From wheat field to innovator: how BYU-Idaho is changing the landscape of higher education
Editors Note: This is the second in a three part series on BYU-Idaho and the implications for higher education. Read part one of the series here. Read part three of the series here.
NEW YORK — J.D. Griffith walked off the subway and onto the bustling streets of midtown Manhattan. It was an April evening, cold and rainy, and he was a long way from home.
As he stepped into a church on Columbus Avenue, the din of the city — the honking cabs, the clattering of trains underground, the screech of brake lines on city buses — receded into silence.

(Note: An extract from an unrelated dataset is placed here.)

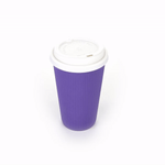 16 OZ ROYAL PURPLE PAPER RIPPLE WALL COFFEE CUP - WITH WHITE LID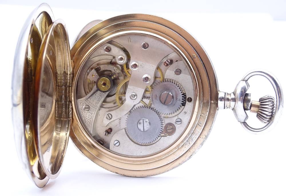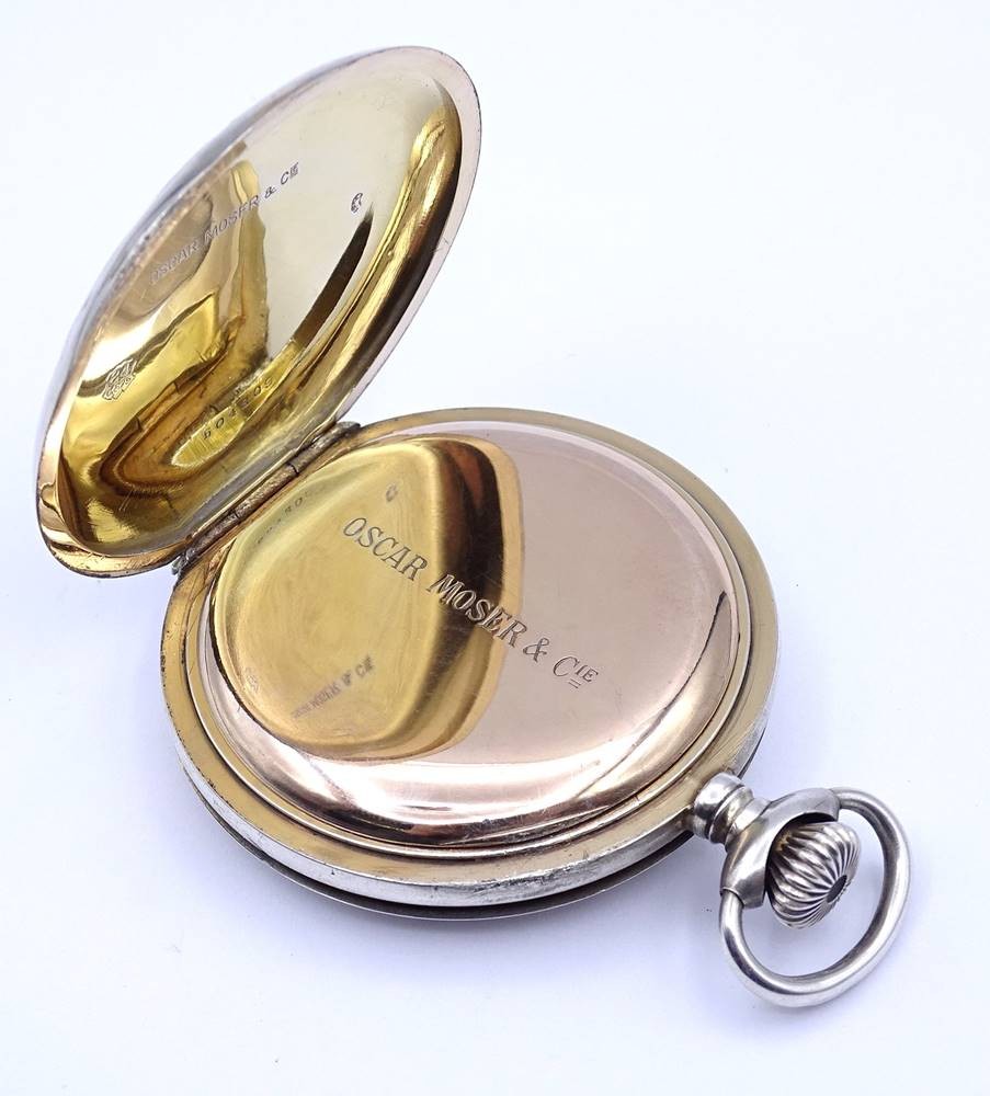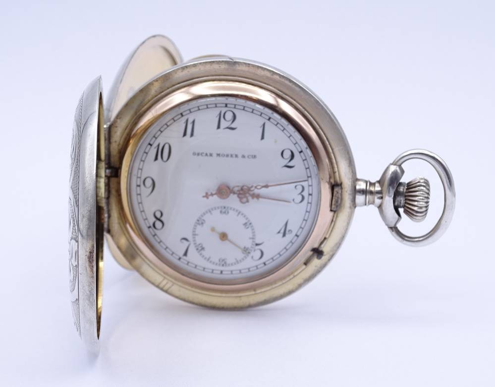 Große Herren Taschenuhr "Oscar Moser & Cie", Silber -84- 0.875, D. 59,5mm, mechanisch, Krone lose, daher nicht aufziehbar, Funktion nicht getestet,Optisch guter Zustand, durch schütteln bewegt sich der Sek. Zeiger [1]

Griffith had come to a special meeting at the LDS chapel with an unusual message. BYU-Idaho, the LDS Church's second largest university, was expanding its reach to students who had never considered college a real option.
As he walked into the chapel, Griffith was surprised at what he saw. He had expected maybe a dozen people to show up to the meeting, advertised largely by word of mouth, but instead, the place was packed with nearly two hundred potential students. As he made his way to the front, he shook hands with a young Japanese immigrant who spoke halting English, a group of Latin Americans from Guatemala, and five or six young adults of Chinese descent. People had come from as far away as Connecticut and New Jersey.

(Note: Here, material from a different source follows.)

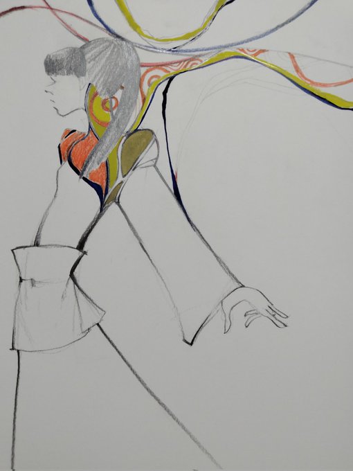 片付け中 何枚か載せてみてる 息を吹き込んでみる dancing ’01 #illustraion #fashionillustration #鉛筆画 #色鉛筆画 #流れる音楽 #流動的 #好きな色 #イラスト #ファッションデザイン画

Griffith was excited so many people had shown up, but he also felt slightly intimidated. He had come to recruit more students, but this group had such diverse and pressing needs. Could BYU-Idaho help them all?

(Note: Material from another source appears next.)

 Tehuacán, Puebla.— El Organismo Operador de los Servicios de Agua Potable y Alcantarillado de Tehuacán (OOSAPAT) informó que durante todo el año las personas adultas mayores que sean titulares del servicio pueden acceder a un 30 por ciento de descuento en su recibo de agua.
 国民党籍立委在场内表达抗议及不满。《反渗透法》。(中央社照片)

"These people were seeking education almost desperately," he said. "It seemed as if they were just pleading and begging for an opportunity to start an educational program, and I felt this overwhelming sense of urgency to help them."
Griffith had come at the request of Kim Clark, a Harvard educated academic who ran BYU-Idaho. Since taking over a few years before, Clark had defined three priorities for the school: raise the quality of education, lower costs and reach more students. This came at a time in which public universities across the country were dealing with declining state budgets, as well as competition from online schools like the University of Phoenix, which offered more flexible ways to college graduation. Standing at the front of the chapel, Griffith announced a new initiative at BYU-Idaho — called the Pathway program — that would allow a nontraditional student to attain a degree remotely, whether it was a certificate or a bachelor's degree. The program would allow the school to extend its reach, thus fulfilling one of Clark's three imperatives.